とりあえず「夫が突然、風呂に入らなくなった」って設定が面白いと思った。唐突な書き出しなのだけど、経験を読むと「まぁ…ありそうではある」と納得がいく。

いきなりネタバレしてしまうと、夫は会社の飲み会で後輩から水をかけられた事をキッカケにして「皮膚に水がつくと痛くて嫌だからお風呂に入らない」と言うようになる。

「……それって、単純にメンタル的な病気ですよね?」と言ってしまうと、そこでドラマは生まれない。

普通の感覚で読むと主人公の夫は社会生活が上手くいかなくてメンタル病んじゃった人でしかないし、主人公が取るべき正しい道は「夫を精神科に連れて行く」ってことなのだと思う。

だけど、その流れはノンフィクションでやるべき事であって、小説となればそれだけじゃ駄目なのだ。

主人公は悩みながらも夫に寄り添い、どこまでも夫についていく。
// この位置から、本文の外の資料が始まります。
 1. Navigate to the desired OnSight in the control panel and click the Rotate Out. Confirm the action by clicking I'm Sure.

実のところ、その方法は正攻法とは言えないし「いやいや。他に方法はあったでしょ?」と思う。

だけど『水たまりで息をする』で描かれていたのは夫婦愛なのだと思う。その方法が間違っていようがなんだろうが「夫と共に生きる」と決めた妻を追っていくべきだと思う。

実のところ妻は、そこまで大それた覚悟があったとも思えないのだけど「夫婦ってそんなもの」と言ってしまえるレベルではある。
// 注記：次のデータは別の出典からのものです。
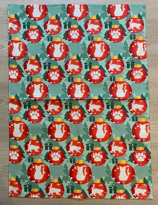 Kökshandduk Julkulor kattmotiv

『水たまりで息をする』は「夫婦愛を描いた作品として素晴らしい」って以外にも推していきたいところがある。

主人公の夫がハマってしまった状況は誰にでも起こる恐怖なんだ…ってこと。

私はどちらかと言うと楽天的な人間だと思うのだけど、それでもちょっとしたボタンの掛け違いから鬱々としてしまう時がある。メンタルが不安定な時に背中を押されるような決定的な何かがあれば、主人公の夫のような状況にならない…とは言い難い。
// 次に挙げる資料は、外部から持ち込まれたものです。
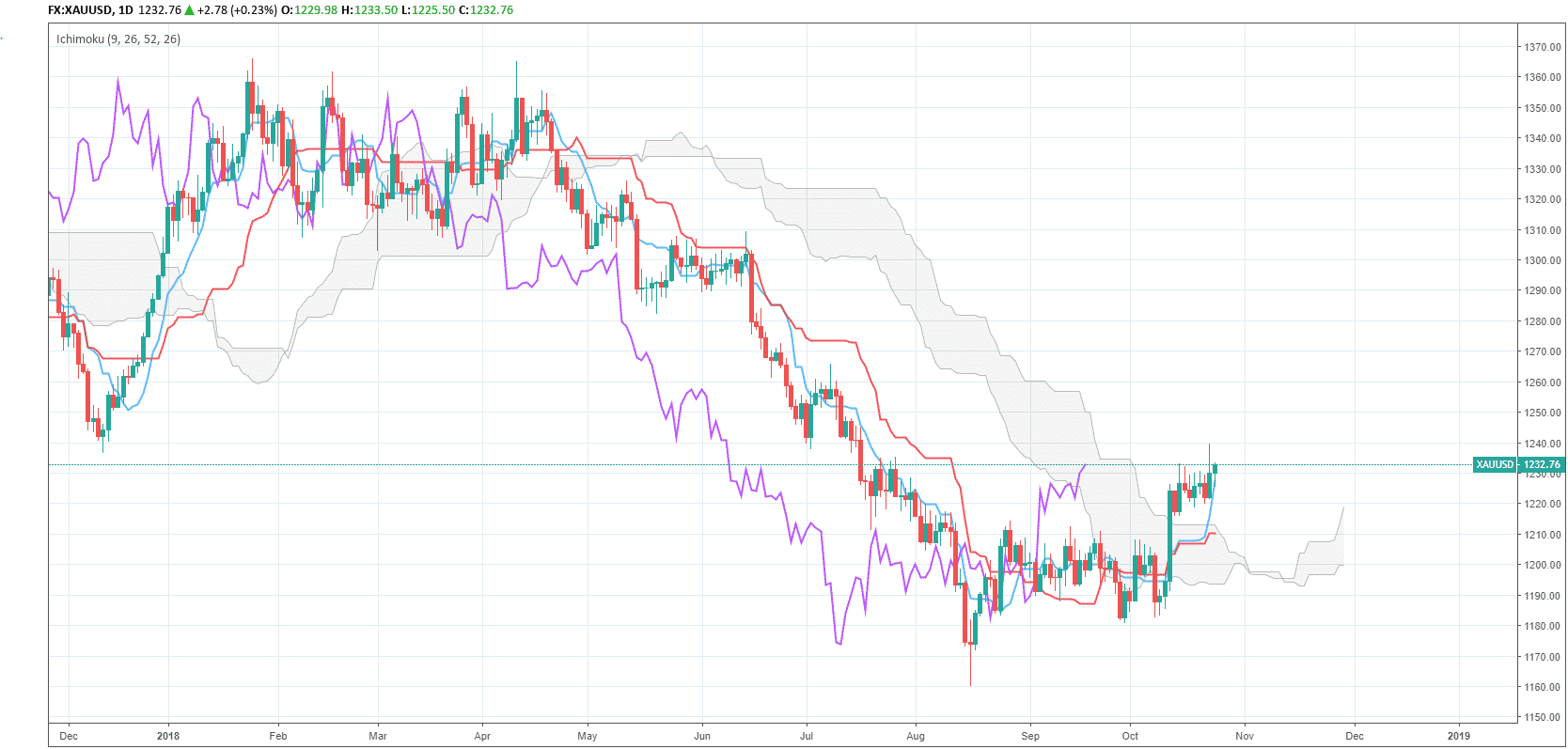 Yesterday gold reached a three-month high of $1,239.68 which, as we head into the final quarter of 2018, is once again stirring up price speculation and talk of a change in directional bias. While the fundamental aspects appear to be related to hiccups in global stock markets, we’ll focus on the technicals for clues as to how these moves might pan out in the medium to long-term.

『水たまりで息をする』は個人的に凄く面白かったし楽しく読んだのだけど、芥川賞を受賞出来なかった理由も少し分かる。

モヤモヤしたところをねじ伏せるだけの力と勢いが足りないのだ。淡々と書くのであれば吉村昭的な職人芸が必要だし、そうでないなら力と勢いがいる。残念ながら『水たまりで息をする』には、どちらも備わってはいなかた。

……とは言うものの、これかも高瀬隼子の動向には注目していきたいし、とりあえず他の作品も読んでみたい。